より透明で痛々しいまでに繊細な初期の「さすらう若者の歌」においても、室内管弦楽的な書法を 扱うその手つきはこれ以上望むべくもない、徹底したものだ。とはいえ、それはしばしば 今日のマーラー演奏が陥る、解剖さながらの顕微鏡的な精密さの持つ露悪趣味の対極にある。 多分それには音楽と演奏者の距離感のようなものが影響しているのではないかと思う。
第1交響曲がそうであるように、「さすらう若者の歌」のあまりのナイーブさは、そのむき出しの 凶暴さもろとも、ここでは些かも損なわれることなく表現されている。
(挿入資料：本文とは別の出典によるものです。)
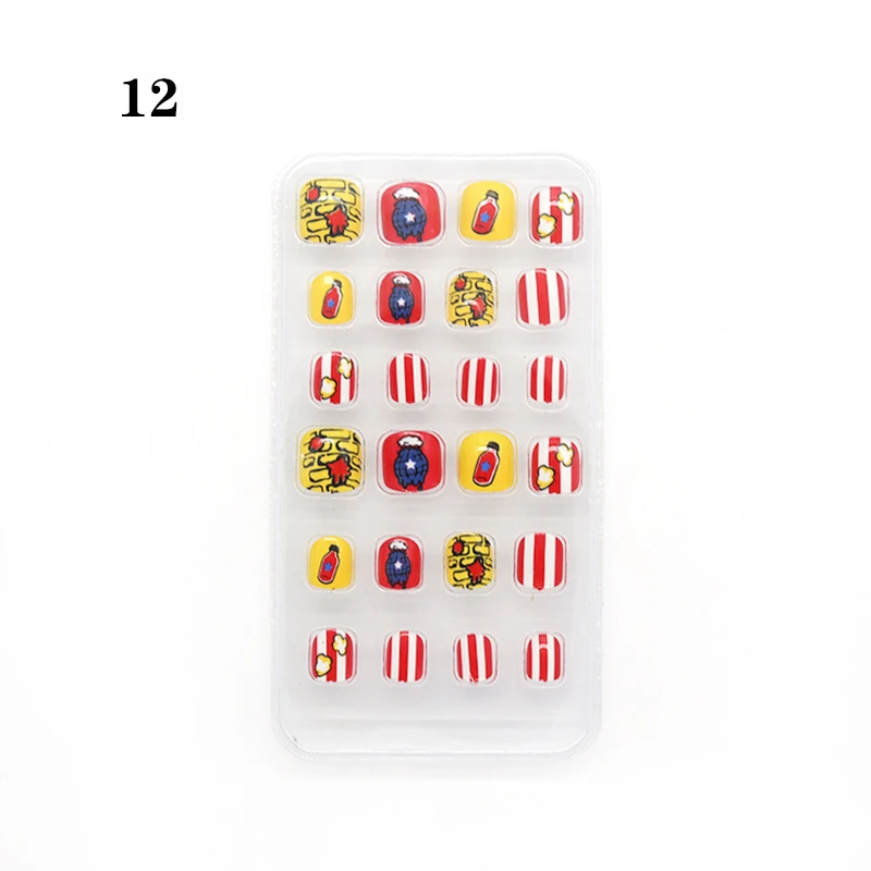 Ногти накладные Детские разноцветные с мультяшными животными, 24 шт.

些かの人工臭もなく、 今、その場で生まれたかのように生き生きとした表情を持った音楽は、しかし実際には 極めて知的でよく抑制されたベイカーの歌唱と、いつものように極めて周到な事前のプランに 基づくバルビローリの徹底した解釈により成し遂げられているのだ。 最初の一音符から最後の音が鳴り終えるまで、聴き手は息をこらして聴き入るしかない。 まさに時の経つのを忘れて、「この世に忘れられ」て音楽に聴き入るしかない。

バルビローリの管弦楽伴奏による連作歌曲集はおかしな喩だが、浄瑠璃に似ていて、音楽が澱みなく 流れていくうちに語り手の心情と、いわゆる「模様」とが描き出されていくように思う。 風景が語り手の中に入り込み、そして心理状態によって風景が変容するのが、 余すところなく実現されている。魔法のような春の野辺がそこに出現する。 空気のもつほどよい湿度、ときおりそよぐ、ややもすると肌寒さを感じるような爽やかな風、 透明な光のなかの風景が音楽によって描き出されていくのだ。
勿論、これは描写音楽ではない。 それは例えば能の囃子や謡が風景と心情とを何もない舞台に表出してみせるのに似ていると思う。 幸か不幸か、この録音には映像が残されていないので、丁度素浄瑠璃を聴くような感じで 物語を追うことになる。バルビローリの演奏では 優れた名人の浄瑠璃や謡を聴くのと同じように、ただ聴き入りさえすれば、そこに心象と風景が 立ち現れ、それを眺めているうちに一気に全曲を聴いてしまうことになる。風景といっても、 ここで外付けで映像をつけることなど考えられない(そもそもが音楽のもともとの文脈に忠実であること など眼中にないヴィスコンティはともかく、ラッセルのあの醜く、音楽に対して不当というほかない 惨憺たる映画、あるいはこれまた音楽を裏切ることにしかなっていないように見えるバレエの振り付け などの例を思い浮かべても良い。)そうではなくて、演奏会の、あるいは録音セッションの模様を伝える 画像つきのメディアも最近は珍しくないが、バルビローリを聴くのであれば、 そしてベイカーの歌唱を聴くのであれば、音だけの方が良いかもしれないくらいだ。
ベイカーの声の質も、バルビローリの紡ぎ出す音楽の持つ雰囲気とあっており、過度の官能性や 感情表現のくどさからは程遠い。その知的で温かみのある歌唱は、逆説的に作品の背後にある むき出しの傷を浮かび上がらせるゆえに、その歌を聴くのが逆につらくなりもするだろう。
能や浄瑠璃でもしばしばそうであるように、歌詞の陳腐さは取るに足りない。演奏がそれを 真正なものにしてしまうからだ。思弁をさそうような含意も、語り手の心理を分析してみせる 怜悧さも、フィクションを対象化する醒めた視線によって描き出される官能性もここにはない。 一つ一つの音が耐え難いまでの緊張と溢れんばかりの感情の負荷を帯びて、音楽は劇的な頂点で 荒々しいまでの力で聴き手の息を奪い、突き抜けて行く。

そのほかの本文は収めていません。